Amcor's operating efficiency has been a key pillar of its success in the global packaging industry. The company has consistently implemented strategies to improve its operational performance and reduce costs, enabling it to maintain its competitive position and drive long-term growth. One of the key aspects of Amcor's efficiency efforts revolves around streamlining and optimizing its manufacturing processes. The company has invested significantly in automation and process innovation, leading to increased production capacity and efficiency gains.

In addition to manufacturing optimization, Amcor has also focused on reducing its environmental footprint. The company has implemented sustainable practices throughout its operations, including reducing energy consumption, minimizing waste, and utilizing sustainable materials.

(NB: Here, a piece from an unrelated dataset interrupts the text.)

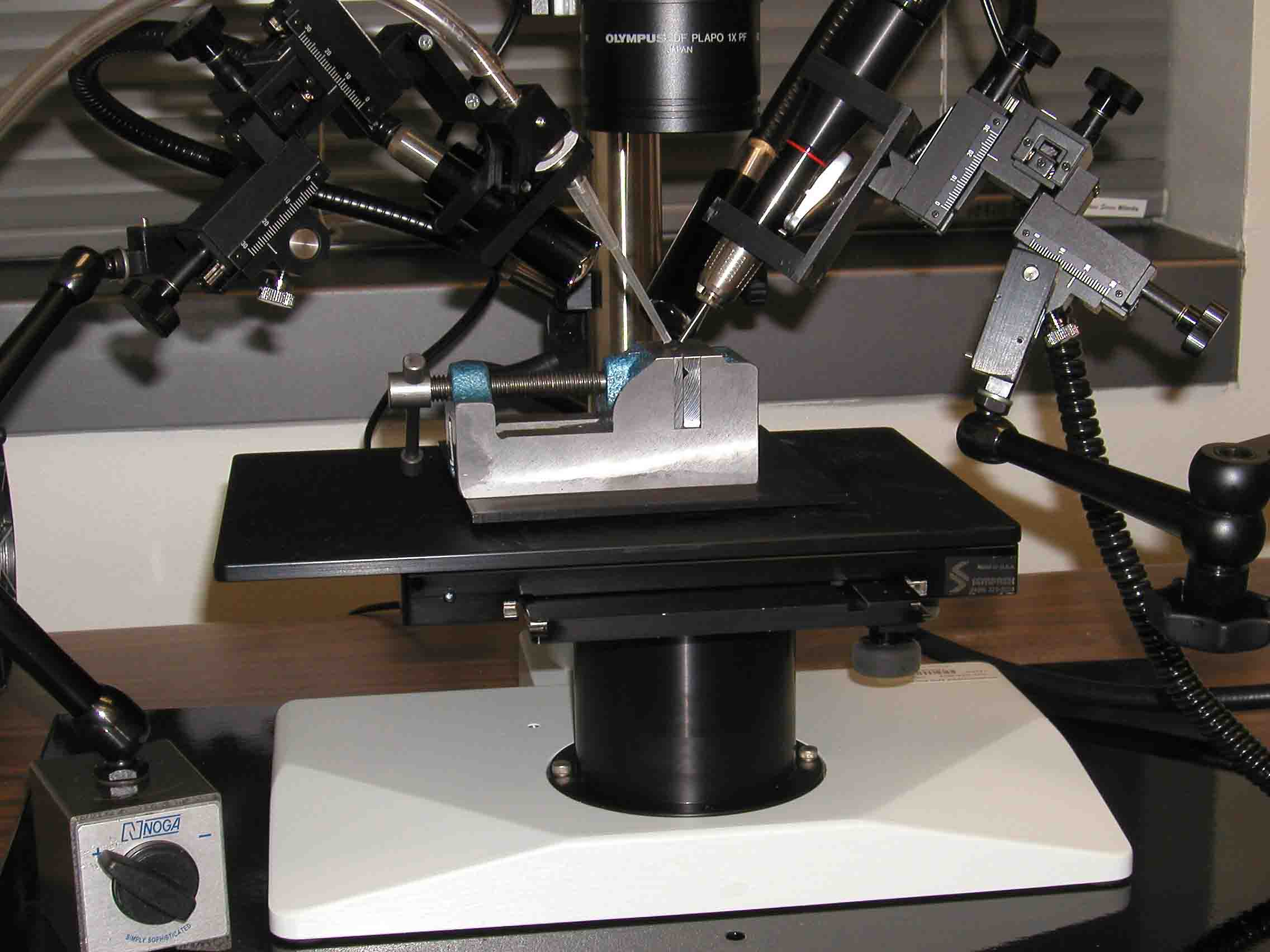 Microsampling apparatus in action, Texas A & M University. Closeup of the microdrill and micropipette on the stereo microscope. The sample is held in a small vise.

These efforts not only align with the growing demand for environmentally responsible packaging but also contribute to Amcor's cost-saving measures.

Another area where Amcor has achieved operational efficiency is through its supply chain management. The company has developed a robust and resilient supply chain network, ensuring a reliable flow of raw materials and timely delivery of finished products to its customers. Amcor's strategic partnerships with suppliers and logistics providers have enabled it to optimize transportation costs and reduce lead times.

The ongoing pursuit of operational efficiency has positioned Amcor well for future growth. The company's ability to continuously improve its operations provides a competitive advantage and creates a solid foundation for sustained profitability. As Amcor enters new markets and expands its product offerings, its focus on operational efficiency will continue to play a vital role in driving its success.

This exclusive content is only available to premium users.


  1. Swaminathan A, Joachims T. 2015. Batch learning from logged bandit feedback through counterfactual risk minimization. J. Mach. Learn. Res. 16:1731–55
  2. S. J. Russell and P. Norvig. Artificial Intelligence: A Modern Approach. Prentice Hall, Englewood Cliffs, NJ, 3nd edition, 2010
  3. P. Artzner, F. Delbaen, J. Eber, and D. Heath. Coherent measures of risk. Journal of Mathematical Finance, 9(3):203–228, 1999
  4. Tibshirani R. 1996. Regression shrinkage and selection via the lasso. J. R. Stat. Soc. B 58:267–88
  5. Z. Wang, T. Schaul, M. Hessel, H. van Hasselt, M. Lanctot, and N. de Freitas. Dueling network architectures for deep reinforcement learning. In Proceedings of the International Conference on Machine Learning (ICML), pages 1995–2003, 2016.
  6. Hartford J, Lewis G, Taddy M. 2016. Counterfactual prediction with deep instrumental variables networks. arXiv:1612.09596 [stat.AP]
  7. J. Z. Leibo, V. Zambaldi, M. Lanctot, J. Marecki, and T. Graepel. Multi-agent Reinforcement Learning in Sequential Social Dilemmas. In Proceedings of the 16th International Conference on Autonomous Agents and Multiagent Systems (AAMAS 2017), Sao Paulo, Brazil, 2017


  • Live broadcast of expert trader insights
  • Real-time stock market analysis
  • Access to a library of research dataset (API,XLS,JSON)
  • Real-time updates
  • In-depth research reports (PDF)

This project is licensed under the license; additional terms may apply.